Shutterbug75 (CC0), Pixabay

Der Jahresabschluss 2025 der Windpark Lütjenholm GmbH & Co. KG zeigt auf den ersten Blick eine erfreuliche Entwicklung: Die Verbindlichkeiten wurden deutlich reduziert, gleichzeitig ist der Bestand an liquiden Mitteln kräftig gestiegen. Für Anleger ergibt sich damit eine grundsätzlich solide Bilanzentwicklung. Allerdings bleiben entscheidende Fragen zur tatsächlichen Ertragskraft des Windparks offen – denn eine Gewinn- und Verlustrechnung mit Angaben zu Umsatz und Jahresergebnis ist in den vorliegenden Daten nicht enthalten.

Verbindlichkeiten sinken um fast 775.000 Euro

Besonders positiv fällt der Rückgang der Verbindlichkeiten auf. Diese reduzierten sich von rund 3,30 Millionen Euro Ende 2024 auf 2,52 Millionen Euro zum 31. Dezember 2025.
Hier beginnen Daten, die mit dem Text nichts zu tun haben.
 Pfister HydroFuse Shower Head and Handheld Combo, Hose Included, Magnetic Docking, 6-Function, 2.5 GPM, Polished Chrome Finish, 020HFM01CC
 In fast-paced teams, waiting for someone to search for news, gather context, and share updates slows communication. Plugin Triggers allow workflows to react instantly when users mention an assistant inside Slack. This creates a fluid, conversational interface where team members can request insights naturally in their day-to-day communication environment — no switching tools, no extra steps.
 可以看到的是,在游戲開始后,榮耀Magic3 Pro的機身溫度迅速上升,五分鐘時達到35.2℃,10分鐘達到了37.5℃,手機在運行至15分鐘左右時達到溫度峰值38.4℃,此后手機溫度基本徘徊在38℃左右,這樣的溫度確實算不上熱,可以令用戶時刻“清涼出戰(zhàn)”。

Das entspricht einem Rückgang um rund 775.000 Euro beziehungsweise 23,5 Prozent innerhalb eines Jahres.

Noch deutlicher wird die Entwicklung bei den längerfristigen Verpflichtungen. Verbindlichkeiten mit einer Restlaufzeit von mehr als einem Jahr gingen von 1,92 Millionen auf 1,15 Millionen Euro zurück. Verbindlichkeiten mit einer Laufzeit von mehr als fünf Jahren bestehen überhaupt nicht mehr.
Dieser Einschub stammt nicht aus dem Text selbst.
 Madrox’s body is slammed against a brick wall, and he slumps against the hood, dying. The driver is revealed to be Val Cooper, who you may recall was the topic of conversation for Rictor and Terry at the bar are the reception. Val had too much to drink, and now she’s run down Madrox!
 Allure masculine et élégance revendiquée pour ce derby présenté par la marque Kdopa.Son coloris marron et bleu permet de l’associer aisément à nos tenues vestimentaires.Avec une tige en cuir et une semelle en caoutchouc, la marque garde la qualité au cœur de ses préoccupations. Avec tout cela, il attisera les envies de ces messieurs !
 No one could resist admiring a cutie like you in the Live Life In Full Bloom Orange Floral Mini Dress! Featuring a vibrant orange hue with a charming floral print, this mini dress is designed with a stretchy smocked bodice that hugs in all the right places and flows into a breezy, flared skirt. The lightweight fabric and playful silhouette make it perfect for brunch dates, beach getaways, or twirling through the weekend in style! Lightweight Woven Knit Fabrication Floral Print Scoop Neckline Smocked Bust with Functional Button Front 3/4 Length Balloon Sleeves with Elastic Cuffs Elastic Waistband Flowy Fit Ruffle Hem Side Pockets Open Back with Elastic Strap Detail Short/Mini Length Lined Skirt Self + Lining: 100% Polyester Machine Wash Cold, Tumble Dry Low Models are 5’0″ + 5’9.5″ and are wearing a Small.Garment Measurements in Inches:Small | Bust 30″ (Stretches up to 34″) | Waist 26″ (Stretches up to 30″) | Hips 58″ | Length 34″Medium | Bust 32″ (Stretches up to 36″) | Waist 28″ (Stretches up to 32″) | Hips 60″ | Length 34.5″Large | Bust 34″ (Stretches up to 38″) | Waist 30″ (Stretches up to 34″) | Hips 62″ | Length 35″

Damit befindet sich der Windpark offenbar in einer fortgeschrittenen Phase seiner Finanzierung.

Aus Anlegersicht ist das grundsätzlich positiv: Je weiter die Fremdfinanzierung zurückgeführt wird, desto geringer wird langfristig die Belastung durch Kapitaldienst und Zinsen.

Gleichzeitig steigt die Liquidität um fast 79 Prozent

Bemerkenswert ist, dass der Schuldenabbau nicht mit einem Rückgang der Bankguthaben einherging. Das Gegenteil ist der Fall.

Die liquiden Mittel stiegen von rund 417.000 Euro auf knapp 746.000 Euro. Das entspricht einem Zuwachs von rund 329.000 Euro beziehungsweise fast 79 Prozent.

Diese Kombination ist interessant: Die Gesellschaft hat innerhalb eines Jahres ihre Verbindlichkeiten erheblich reduziert und gleichzeitig ihre ausgewiesene Liquidität deutlich erhöht.

Das kann grundsätzlich auf eine starke Innenfinanzierung beziehungsweise einen positiven Mittelzufluss aus dem laufenden Betrieb hindeuten. Allerdings lässt sich dies anhand der veröffentlichten Bilanz allein nicht abschließend feststellen, weil keine Kapitalflussrechnung vorliegt.

Hinzu kommt eine Einschränkung: Im Anhang wird ausdrücklich eine verpfändete dauerhafte Liquiditätsreserve als Kreditsicherheit genannt. Wie hoch dieser gebundene Anteil des Bankguthabens konkret ist, wird in den vorliegenden Angaben nicht beziffert. Anleger sollten deshalb nicht automatisch davon ausgehen, dass die gesamten 745.712 Euro frei verfügbar oder ausschüttungsfähig sind.

Eigenkapitalquote steigt deutlich

Auch die Eigenkapitalquote entwickelt sich rechnerisch positiv.

Das Eigenkapital liegt unverändert bei 2,653 Millionen Euro. Weil gleichzeitig die Bilanzsumme von 6,33 Millionen auf 5,64 Millionen Euro zurückgegangen ist, steigt die rechnerische Eigenkapitalquote von rund 41,9 Prozent auf 47,0 Prozent.

Damit wird die Bilanzstruktur robuster.

Allerdings ist die Ursache dieser Verbesserung genau zu betrachten. Das Eigenkapital selbst ist nicht gewachsen. Die höhere Eigenkapitalquote entsteht vielmehr dadurch, dass die Bilanzsumme und insbesondere die Verbindlichkeiten zurückgegangen sind.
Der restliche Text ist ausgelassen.